Between these two ends of the river, Eleri runs through wooded valleys, only really touching any significant place of human habitation when crossed by the main road north from Aberystwyth at the village of Talybont where, joined by the waters of the Ceulan, the rushing waters once powered a woollen mill. Along the ridges of the valleys around here are a series of hill forts built to watch the approaches from the sea and now providing spectacular viewpoints to anyone with the energy to climb to them. Though I have walked from source to estuary, it is in these middle stretches that I came to know and love Eleri. There are places where it is possible to sit watching the flow for hours without seeing another person. These, to me, are sacred waters, the well of life flows through me when I sit here and I am part of the flow. And it is here, and in the woodlands along and above the valley, that I come to meditate and to commune with the spirits of the valley. The map of it I have in my mind is populated with sacred places to which I can go, on foot or in imagination, whenever world space or mind space allows. There is a place where the river swirls around a bend and runs over rocks making a music that I have sat and listened to, entranced. And I have knelt in the rushing waters and the words of a ritual for crossing to the Realms came to me from many years before: “Running Waters, Speaking Stones …”. And I have listened to the voice and responded with a blessing and a kiss, which she took, laughing, and tumbled it away.

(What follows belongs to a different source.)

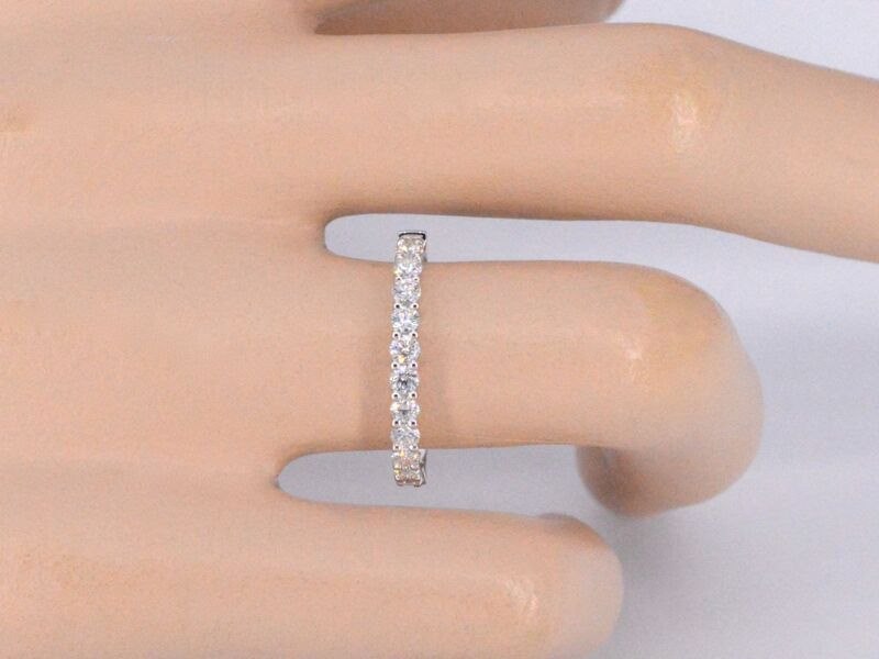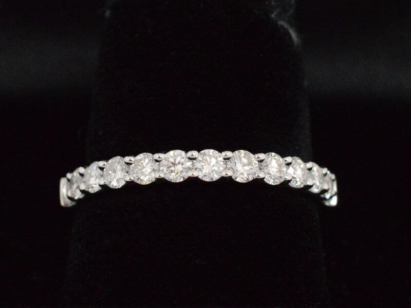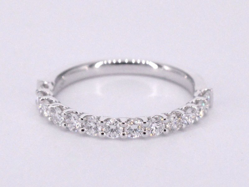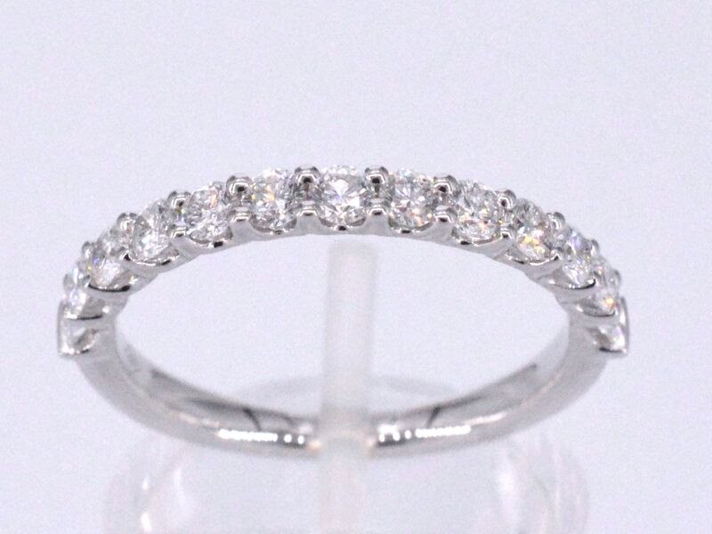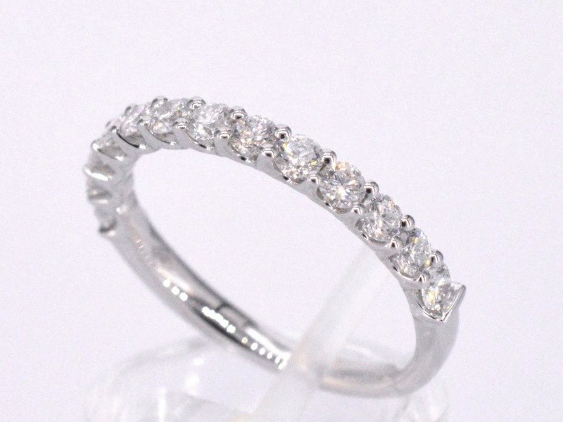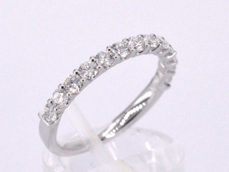 Product: Witgouden rijring bezet met briljant geslepen diamanten Specificaties: Aantal: 13 stuks Slijpvorm: Briljant geslepen Gewicht (carat): 0.75 carat Kleur: F-G Zuiverheid: VS Slijpkwaliteit: Zeer mooi Juweel: Ring Gewicht: 2.1 gram Ringmaat (op maat gemaakt*): 53 (17 mm) Materiaal: 18K goud (750) Conditie: Nieuw Verpakking: Luxe sieradendoos Toelichting: De kwaliteit is overgenomen van het rapport behorend bij item. De waardebepaling is een beoordeling van een gecertificeerde diamantair, gebaseerd op consumentenprijzen. Consumentenprijs: € 5.023,-

There is a wood of oak, beech and birch above this spot, enclosed within a larger forest, where I have planted a seed of love in a mossy hollow and where the trees always welcome me when I come to sit among them to converse with the wights of the wood and feel myself in their company. Here I have felt closest to the Spirit World more often than anywhere else. There are times when the trees enclose me and the ground shifts beneath my feet and the wind blowing through that place is a spirit wind at once swift as an arrow and as still as a pond of clear water. Then when I emerge from the wood onto the forestry road it’s as if I have arrived there suddenly from I know not where. So I come often to these places and follow Eleri from her source in the mountains to her meeting with the sea. And if she is always running to the legendary realm of Cantre’r Gwaelod, so too am I always walking the paths to the Realms when I follow her winding way through the woods.